Anxiety ran high within those trade associations this week, on fears that the DoL would soon re-propose a rule that could make the money in traditional IRAs off-limits to commission-paid financial intermediaries such as registered reps.
Both sides have legitimate arguments. Do IRA owners deserve unconflicted advice? Of course. Is financial advice ever free? No. Is conflicted advice better than no advice? That’s a harder question to answer.
The DoL doesn’t want rollover IRA money to be treated as cavalierly as other retail money; it wants it to be treated like pension money and continue to receive products and services at low institutional prices.
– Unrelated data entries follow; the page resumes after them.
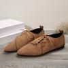 2025 Große Größe Flachmund Einzelne Schuhe Frühling und Sommer Neu Spitzschuh Schnürung Flacher Boden Lässige Einzelne Schuhe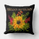 Hello Autumn. Beautiful watercolor Sunflowers floral design throw pillow. Cute, vintage, modern, pretty throw pillow. Perfect for her.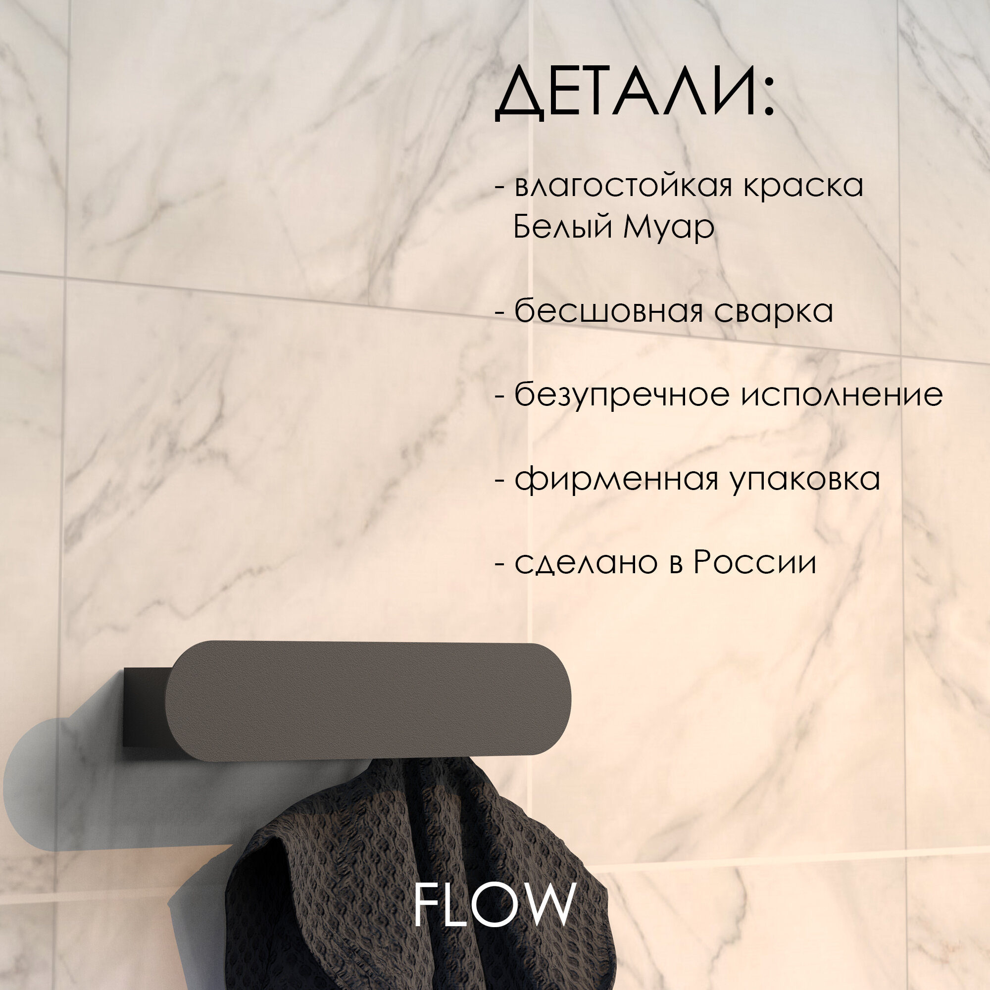 Крючки для полотенец в ванную, для халатов, для одежды в прихожую — незаменимый аксессуар из металла в минималистичном дизайне. Коллекция FLOW это стиль и роскошь вашего дома. Разработка отечественного производителя крючки на стену станет идеальным дополнением интерьера вашего дома в ванной, прихожей или гостиной. Благодаря продуманной до мелочей эргономике крючки для полотенец в ванную не занимают много пространства и не мешают даже в стесненных условиях. Настенные крючки в ванную комнату поместятся в небольшом пространстве.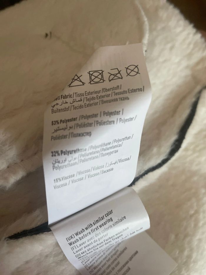 Simili cuir noir à l’extérieur Moumoute blanche à l’intérieur Fermeture éclaire Un peu oversize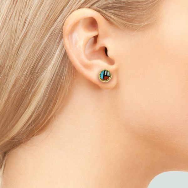 Vintage 14K Yellow Gold Native American Turquoise, Coral and MOP Inlay Stud Earrings Image 4 Purple Creek Holly Springs, NC

It doesn’t trust brokers, even those who can sell a broad range of products, to provide the unbiased advice that IRA owners need.
But the financial world objects that it can’t possibly render those products and services to individual IRA owners on a retail basis as cheaply as it could render them within the wholesale, institutional world of ERISA plans.
In a worst-case scenario, Wall Street fears, the DoL’s action will create chaos throughout the third-party retail distribution system by banning the incentives that fuel and the lubricate the machine. Both manufacturers and distributors will suffer the loss of a significant market. Borzi doesn’t get it, the Street says.
Advisors, for instance, might stop sell 401(k) plans to thousands of small companies if they lose the possibility of someday managing the six-figure IRAs that roll out of the 401(k)s. And small-town independent broker-dealer reps won’t even be able to talk to IRA owners, let alone aggregate all their assets.
So we’re at an impasse, all because the humble rollover IRA falls into a legal and regulatory grey zone between the institutional and retail worlds. The stewardship of trillions of dollars in IRA assets, and billions of dollars in potential transaction fees, is at stake.
What happens next? If the DoL proposes a new version of the regs soon (and doesn’t provide exemptions-from-prohibited-transactions that will allow the current retail distribution system to continue to serve IRAs), we’ll get the Office of Management and Budget’s cost-benefit analysis of the new rules. (It will probably satisfy no one.) Then we’ll hear the anguished cries of the trade associations. If the DoL refuses to go soft, Wall Street will probably seek redress through political means or the courts.
All because no one anticipated the impact of the little rollover IRA.
I have a strange feeling that these issues will eventually be decided not by courts, bureaucrats, legislators, or lobbyists but by advancing technology. (See today’s cover story.) Fee-based robo-advice, digital interfaces and tablets are likely to squeeze a lot of the costs and conflicts out of the financial distribution system before too long. If so, the financial trade groups are defending turf that’s already vanishing under their feet.